### Information shown
◆ ◆ ◆ ◆ ◆
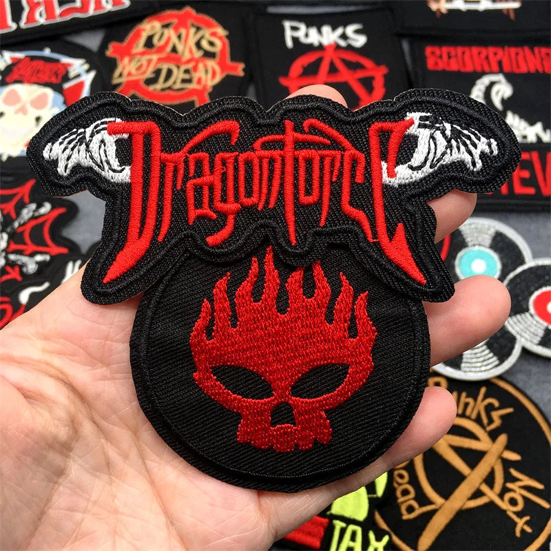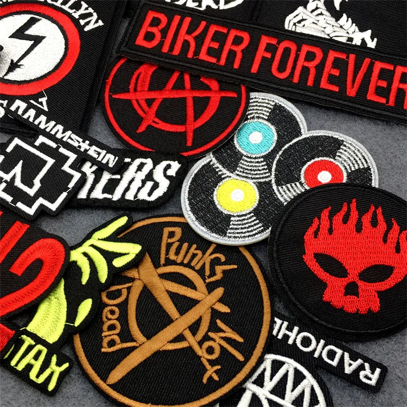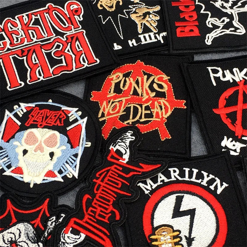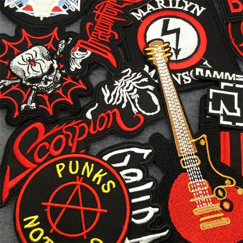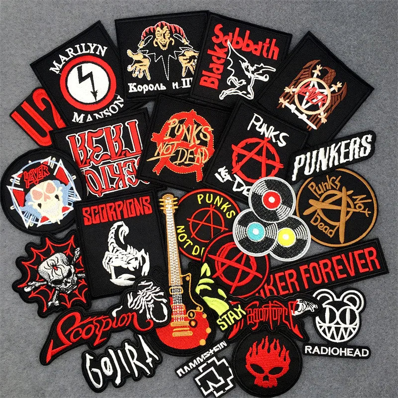 - 25 iron-on embroidered patches — punk, rock & alt-band styles
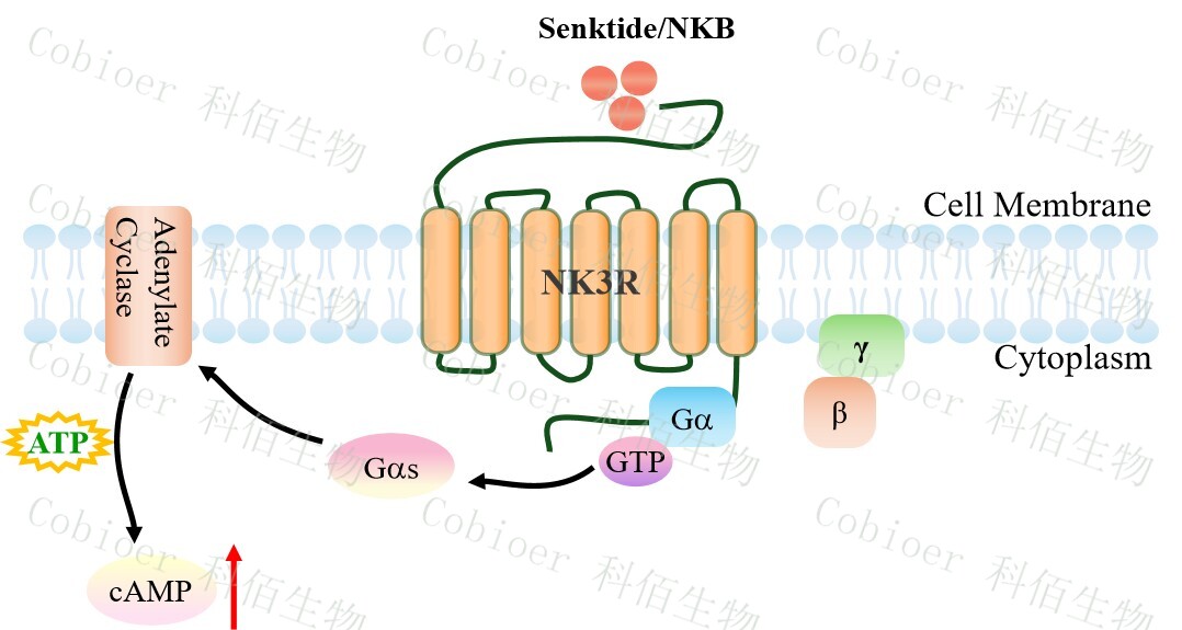 | 速激肽(Tachykinin)是在整個神經(jīng)和免疫系統(tǒng)中表達(dá)的神經(jīng)肽,作為興奮性神經(jīng)遞質(zhì), 它們在調(diào)節(jié)各種生理功能中發(fā)揮重要的作用。在不同的速激肽中,P 物質(zhì)(SP)、神經(jīng)激 肽 A(NKA) 和 NKB 已得到充分研究。這些肽可以通過三種不同的 GPCR、神經(jīng)激肽 1 受體(NK1R)、神經(jīng)激肽 2 受體(NK2R) 和 NK3R 發(fā)揮作用。作為具有不同親和力的 完全激動劑。 NK3R(Neurokinin 3 Receptor),又稱 TACR3,是速激肽受體家族的重要成員,屬于 GPCR 超家族。其內(nèi)源性配體為神經(jīng)激肽 B(Neurokinin B, NKB),通過激活下游信號通 路參與生殖調(diào)控、神經(jīng)內(nèi)分泌調(diào)節(jié)及多種疾病進(jìn)程。近年來,NK3R 成為治療更年期癥狀、 神經(jīng)精神疾病及癌癥的熱門靶點。 |
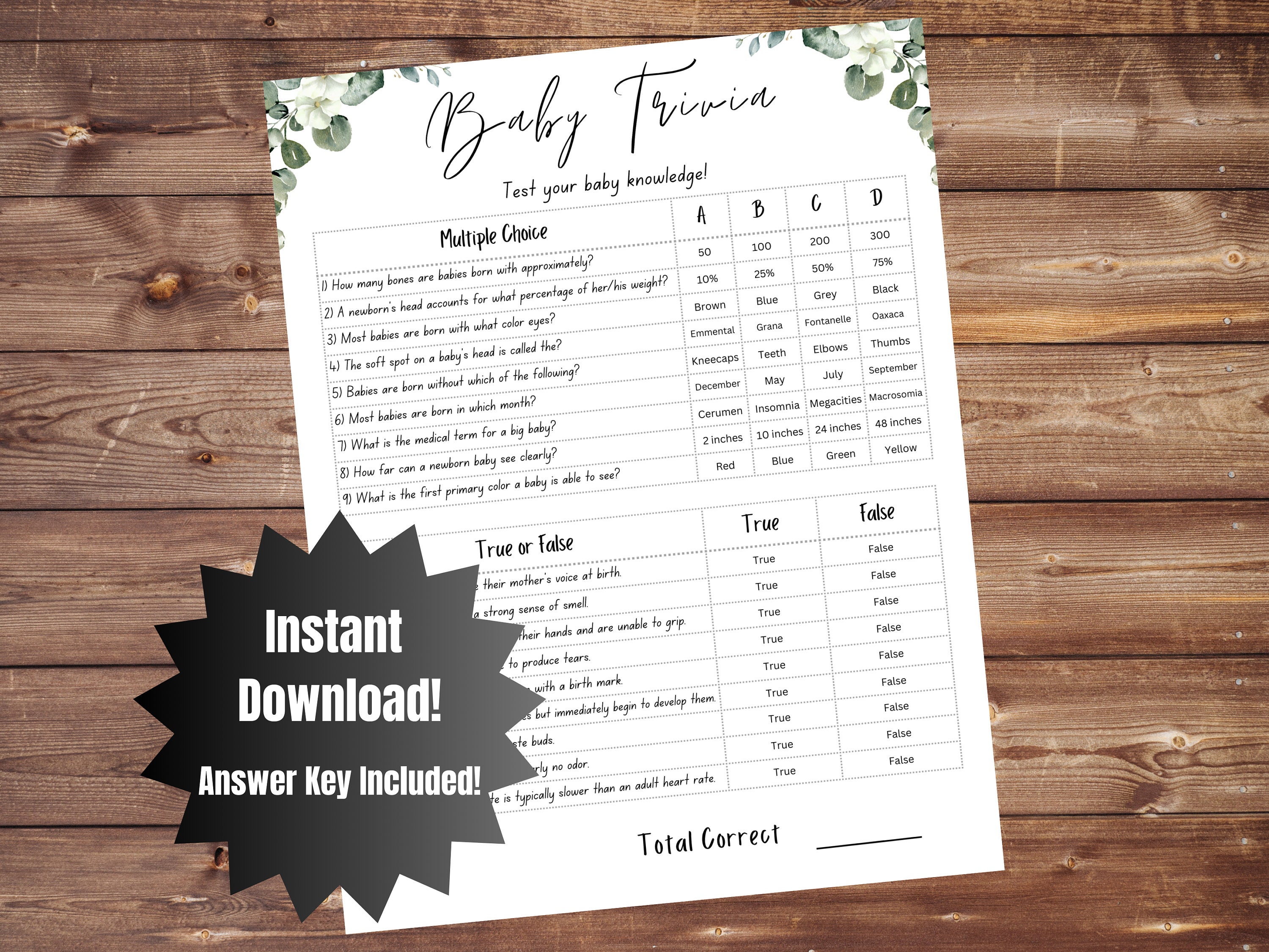 Baby Trivia Shower Game Baby Trivia Baby Shower Game Baby Shower Tr...
◆ ◆ ◆ ◆ ◆
### Your objective
Make an exact copy of all the material, but keep the pictures out of it.

### Result for this exercise
 - 25 iron-on embroidered patches — punk, rock & alt-band styles
 | 速激肽(Tachykinin)是在整個神經(jīng)和免疫系統(tǒng)中表達(dá)的神經(jīng)肽,作為興奮性神經(jīng)遞質(zhì), 它們在調(diào)節(jié)各種生理功能中發(fā)揮重要的作用。在不同的速激肽中,P 物質(zhì)(SP)、神經(jīng)激 肽 A(NKA) 和 NKB 已得到充分研究。這些肽可以通過三種不同的 GPCR、神經(jīng)激肽 1 受體(NK1R)、神經(jīng)激肽 2 受體(NK2R) 和 NK3R 發(fā)揮作用。作為具有不同親和力的 完全激動劑。 NK3R(Neurokinin 3 Receptor),又稱 TACR3,是速激肽受體家族的重要成員,屬于 GPCR 超家族。其內(nèi)源性配體為神經(jīng)激肽 B(Neurokinin B, NKB),通過激活下游信號通 路參與生殖調(diào)控、神經(jīng)內(nèi)分泌調(diào)節(jié)及多種疾病進(jìn)程。近年來,NK3R 成為治療更年期癥狀、 神經(jīng)精神疾病及癌癥的熱門靶點。 |
 Baby Trivia Shower Game Baby Trivia Baby Shower Game Baby Shower Tr...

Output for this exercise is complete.